_TASK TO COMPLETE_: Beginning with the line below that contains "Besuch der 4." and ending with the line that contains "專為清潔車內凹凸部位設計的刷", retype every line exactly. Pictures are not copied.

_PROVIDED INFORMATION_:
- Opening Delimiter -

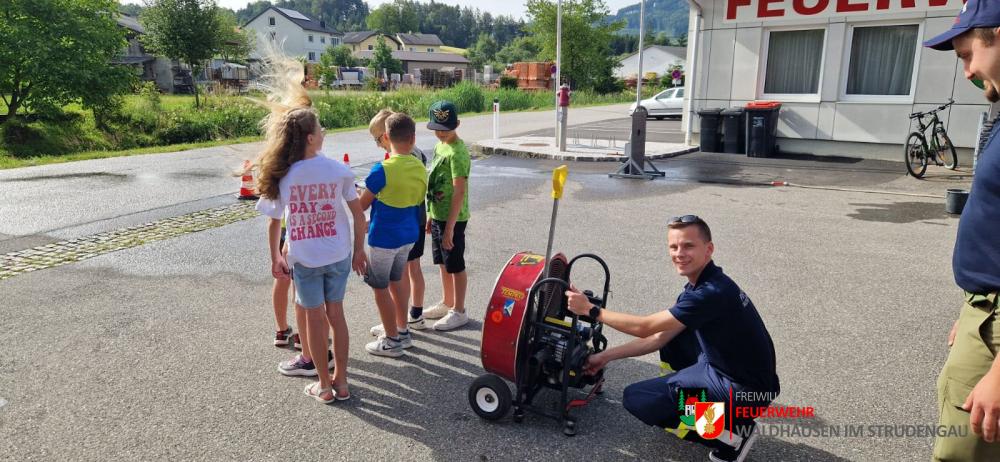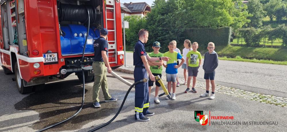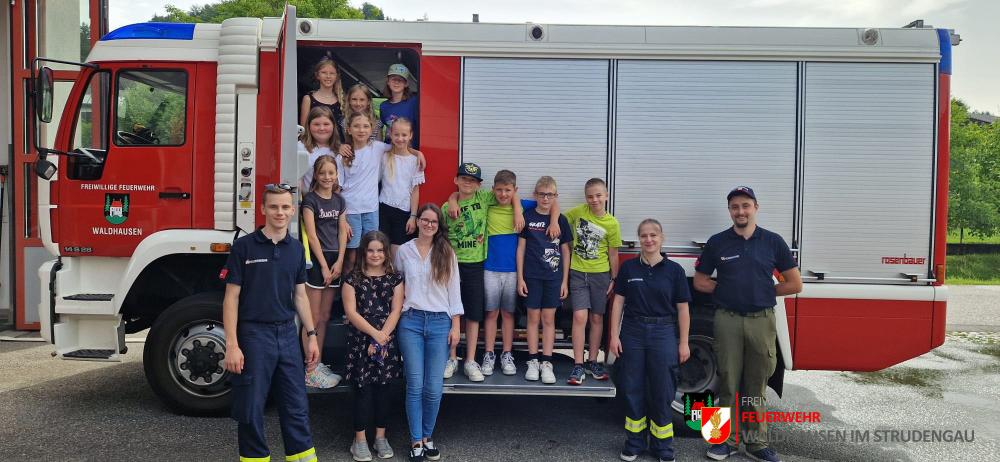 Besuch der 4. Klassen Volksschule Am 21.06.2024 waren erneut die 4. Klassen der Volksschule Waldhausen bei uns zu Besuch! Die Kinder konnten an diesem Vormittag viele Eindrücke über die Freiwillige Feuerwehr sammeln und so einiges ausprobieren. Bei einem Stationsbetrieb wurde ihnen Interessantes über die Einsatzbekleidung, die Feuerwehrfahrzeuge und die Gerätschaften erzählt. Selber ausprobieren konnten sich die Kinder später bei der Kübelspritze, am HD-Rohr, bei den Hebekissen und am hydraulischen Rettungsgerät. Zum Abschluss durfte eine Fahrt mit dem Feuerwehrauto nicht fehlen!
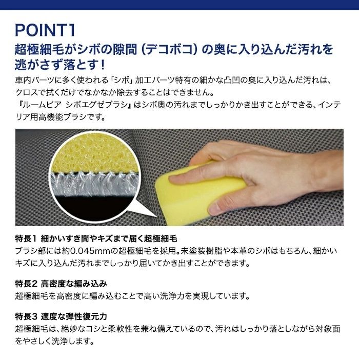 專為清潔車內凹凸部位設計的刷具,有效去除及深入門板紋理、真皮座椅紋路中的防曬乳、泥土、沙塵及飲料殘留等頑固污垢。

- Closing Delimiter -
- Opening Delimiter -

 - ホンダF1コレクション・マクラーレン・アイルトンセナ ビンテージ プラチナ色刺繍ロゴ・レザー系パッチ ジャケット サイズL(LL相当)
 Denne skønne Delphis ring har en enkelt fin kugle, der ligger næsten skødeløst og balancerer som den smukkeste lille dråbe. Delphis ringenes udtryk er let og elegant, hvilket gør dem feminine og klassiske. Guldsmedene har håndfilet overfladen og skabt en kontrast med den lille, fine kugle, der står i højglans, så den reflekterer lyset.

- Closing Delimiter -

_EXERCISE OUTPUT_:
 Besuch der 4. Klassen Volksschule Am 21.06.2024 waren erneut die 4. Klassen der Volksschule Waldhausen bei uns zu Besuch! Die Kinder konnten an diesem Vormittag viele Eindrücke über die Freiwillige Feuerwehr sammeln und so einiges ausprobieren. Bei einem Stationsbetrieb wurde ihnen Interessantes über die Einsatzbekleidung, die Feuerwehrfahrzeuge und die Gerätschaften erzählt. Selber ausprobieren konnten sich die Kinder später bei der Kübelspritze, am HD-Rohr, bei den Hebekissen und am hydraulischen Rettungsgerät. Zum Abschluss durfte eine Fahrt mit dem Feuerwehrauto nicht fehlen!
 專為清潔車內凹凸部位設計的刷具,有效去除及深入門板紋理、真皮座椅紋路中的防曬乳、泥土、沙塵及飲料殘留等頑固污垢。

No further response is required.